Quickselect works because partitioning places one pivot into its final sorted position. After partitioning, every value to the left is smaller and every value to the right is greater than or equal to the pivot under this implementation. If the pivot lands at the target index, the answer has been found. Otherwise, the answer must lie entirely on one side, so the other side can be discarded.
That is why quickselect avoids the full cost of sorting: every step narrows the
search to the only partition that can still contain the target rank. Randomizing
the pivot is what gives the standard expected O(n) runtime on arbitrary input.
Interview follow-ups
What if the interviewer asks for the best worst-case guarantee?
Plain quickselect is expected O(n) but worst-case O(n^2) if the pivots are
consistently poor. If the interviewer explicitly wants a better worst-case
guarantee, there are two practical answers.
The simpler answer is to use a min-heap of size k, which guarantees
O(n log k) time and O(k) space.

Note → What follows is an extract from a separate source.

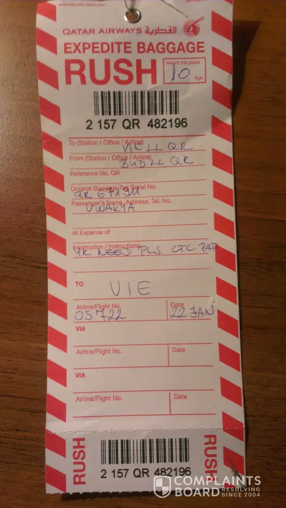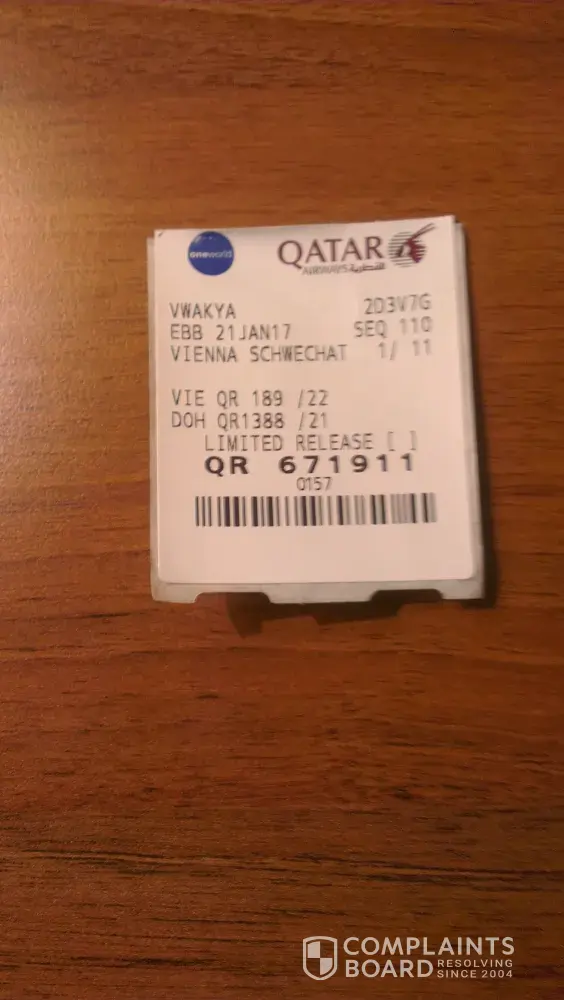 I paid a ticket for a flight Entebbe – Doha – Vienna (Airline reference: 2D3V7G, Electronic ticket number: [protected]) as you can see from the pictures attached, to attend a medical seminar on "bone and joint surgery" in Salzburg. The flight delayed for 2hours in Entebbe on the 21/01/2017, which lead me to the consequence of missing the corresponding flight to Vienne. Another flight was rearrange for me to reach Vienna via Budapest with assurance that I will find my luggage in Vienna. Surprisingly I reach Vienna late than expected by the original itinerary to allow me to attend on time the beginning of the seminar and on top of that my luggage containing my needs and my clothes against wither wasn’t there.

The more theoretical answer is
median-of-medians quickselect, which achieves worst-case O(n) but is much
more complex and rarely needed in production interviews.
The tradeoff is clarity versus optimal theory. In most interviews, saying
“randomized quickselect for expected O(n), heap for a simpler deterministic
bound” is the strongest practical response.

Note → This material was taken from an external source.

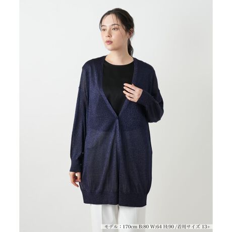 繊細なラメの輝きが、いつものスタイルを上品に格上げしてくれるロングカーディガン。縦のラインを強調するシルエットと丈感が、気になる腰回りやヒップをさりげなくカバーし、全身をすっきりと見せてくれます。フロントは1つボタン留めで着こなしに程よいアクセントをプラス。伸縮性のあるやや薄手のニットは、軽やかでストレスフリーな着心地を実感できます。さらに繊細な透け感が、重くなりがちな秋の装いに抜け感を演出。

What changes if the numbers arrive as a stream instead of one fixed array?
In a streaming version, quickselect is no longer a good fit because it expects
all values to be present so it can partition them. The right tool is a min-heap
of size k.
Each new number is pushed into the heap. If the heap grows past size k, the
smallest element is removed. At every moment, the heap still contains the k
largest values seen so far, so the root remains the current kth largest.
This works well because the state stays small and incremental. The complexity is
O(log k) per incoming element with O(k) memory, which is exactly what a
streaming system wants.
What if the interviewer asks for the kth smallest instead?

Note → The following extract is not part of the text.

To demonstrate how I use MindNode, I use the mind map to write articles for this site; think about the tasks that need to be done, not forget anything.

That version is almost the same problem with the rank interpreted from the other direction.
For a heap-based answer, use a max-heap of size k over the smallest values
seen so far, or in Python simulate that with negated numbers. For quickselect,
change the target index from len(nums) - k to k - 1 if partitioning by
ascending order.
The important idea is that the machinery does not change. Only the target rank and heap orientation change. This is a good follow-up because it tests whether the candidate understands the invariant instead of memorizing one exact implementation.
What if the array will be queried many times for different values of k?
If many k queries will be asked against the same fixed array, repeated
quickselect calls are usually the wrong choice because each query repeats a lot
of work.
In that setting, sorting once in O(n log n) can become the better overall
strategy. After sorting, each query is answered in O(1) by indexing into the
sorted array. If updates are also required, then a more advanced data structure
such as an order-statistics tree would be appropriate, though that is beyond
what most LeetCode-style interviews expect.
The tradeoff is between one-shot optimality and repeated-query efficiency. Quickselect shines for a single query. Preprocessing shines when many queries share the same data.
Practical takeaway
This problem is a good reminder that rank-selection problems are not full sorting problems.
If the goal is one answer from one array, randomized quickselect is the best
expected-time tool. If the goal is robustness, streaming support, or a simpler
explanation, a size-k min-heap is often the better interview choice.